Data supplied -
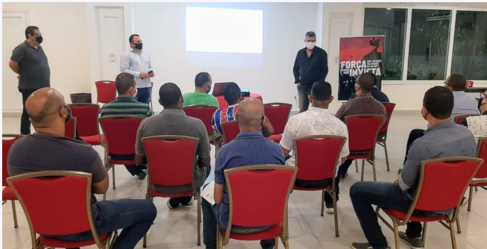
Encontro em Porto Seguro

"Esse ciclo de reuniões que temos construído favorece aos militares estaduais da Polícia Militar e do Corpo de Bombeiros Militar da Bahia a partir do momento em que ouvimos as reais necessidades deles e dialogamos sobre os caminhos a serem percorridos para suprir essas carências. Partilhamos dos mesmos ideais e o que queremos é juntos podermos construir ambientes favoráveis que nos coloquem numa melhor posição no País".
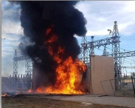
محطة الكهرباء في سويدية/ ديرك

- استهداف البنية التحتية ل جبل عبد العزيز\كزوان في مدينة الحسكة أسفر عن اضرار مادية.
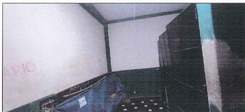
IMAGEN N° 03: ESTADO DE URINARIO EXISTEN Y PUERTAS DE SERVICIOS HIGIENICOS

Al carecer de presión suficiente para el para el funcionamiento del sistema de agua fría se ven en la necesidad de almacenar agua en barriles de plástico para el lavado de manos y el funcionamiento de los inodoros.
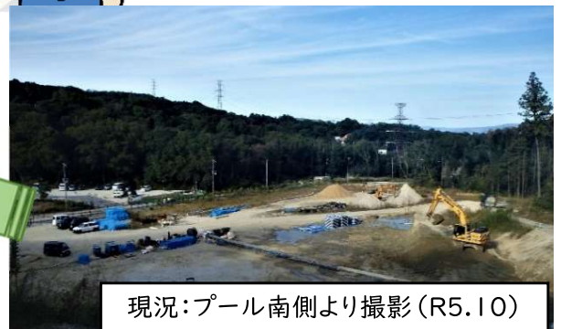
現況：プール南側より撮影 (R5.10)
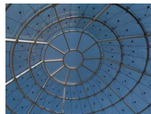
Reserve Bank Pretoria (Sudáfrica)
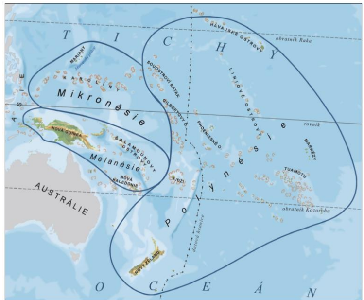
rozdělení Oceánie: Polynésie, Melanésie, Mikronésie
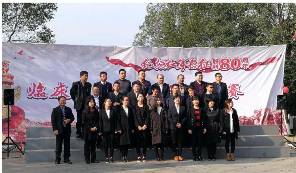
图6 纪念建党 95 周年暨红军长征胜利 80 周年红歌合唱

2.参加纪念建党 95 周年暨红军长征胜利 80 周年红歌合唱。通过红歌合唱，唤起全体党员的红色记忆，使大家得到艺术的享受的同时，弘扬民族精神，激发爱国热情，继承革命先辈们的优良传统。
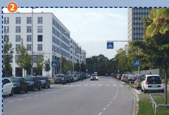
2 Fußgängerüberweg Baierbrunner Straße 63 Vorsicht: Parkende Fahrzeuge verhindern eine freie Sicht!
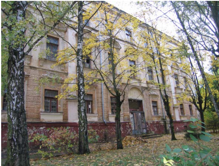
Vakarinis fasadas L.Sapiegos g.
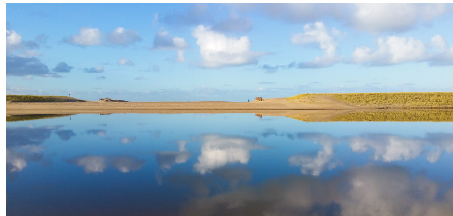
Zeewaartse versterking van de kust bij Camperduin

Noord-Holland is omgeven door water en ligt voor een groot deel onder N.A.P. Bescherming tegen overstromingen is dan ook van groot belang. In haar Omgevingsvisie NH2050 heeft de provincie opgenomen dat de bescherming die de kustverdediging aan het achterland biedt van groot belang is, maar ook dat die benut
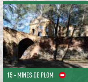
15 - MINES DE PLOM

---

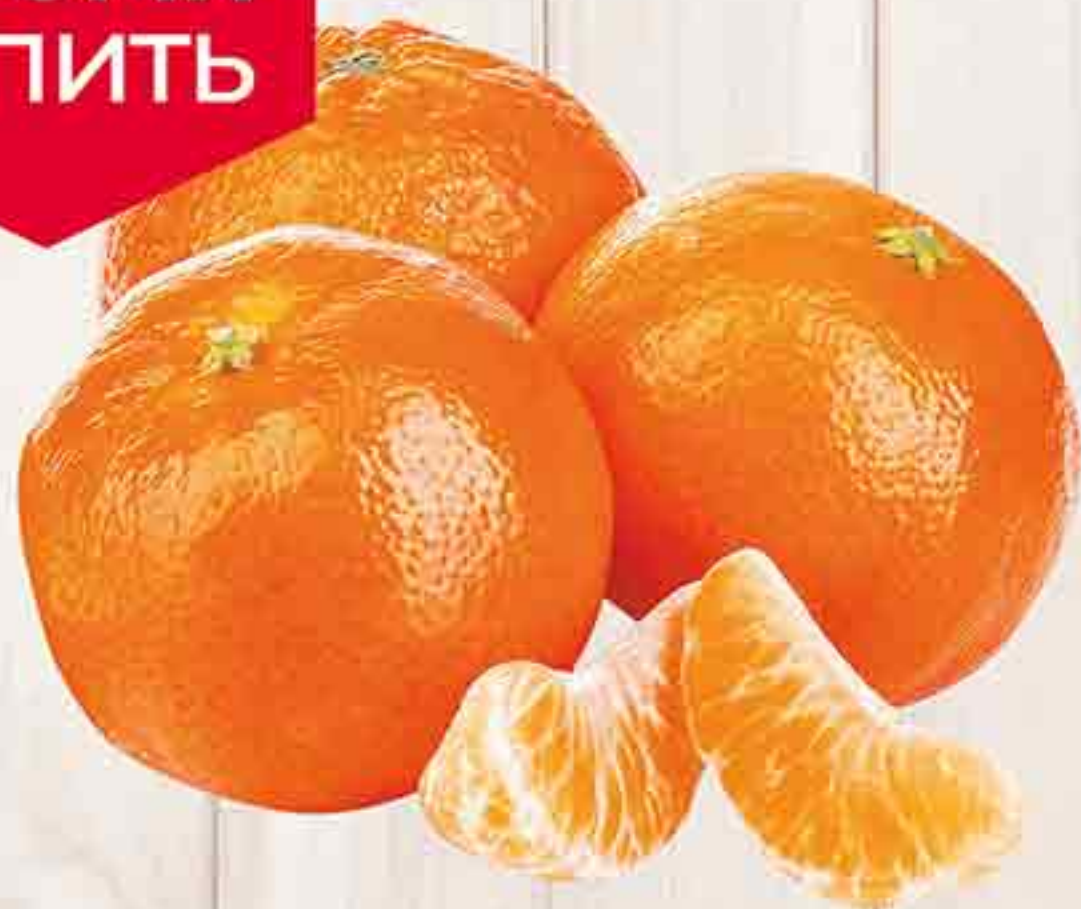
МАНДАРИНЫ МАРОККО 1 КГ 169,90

Your goal -
For the material above, count the lines where the string "周年红歌合唱" appears and reply with the count only.

Your solution -
2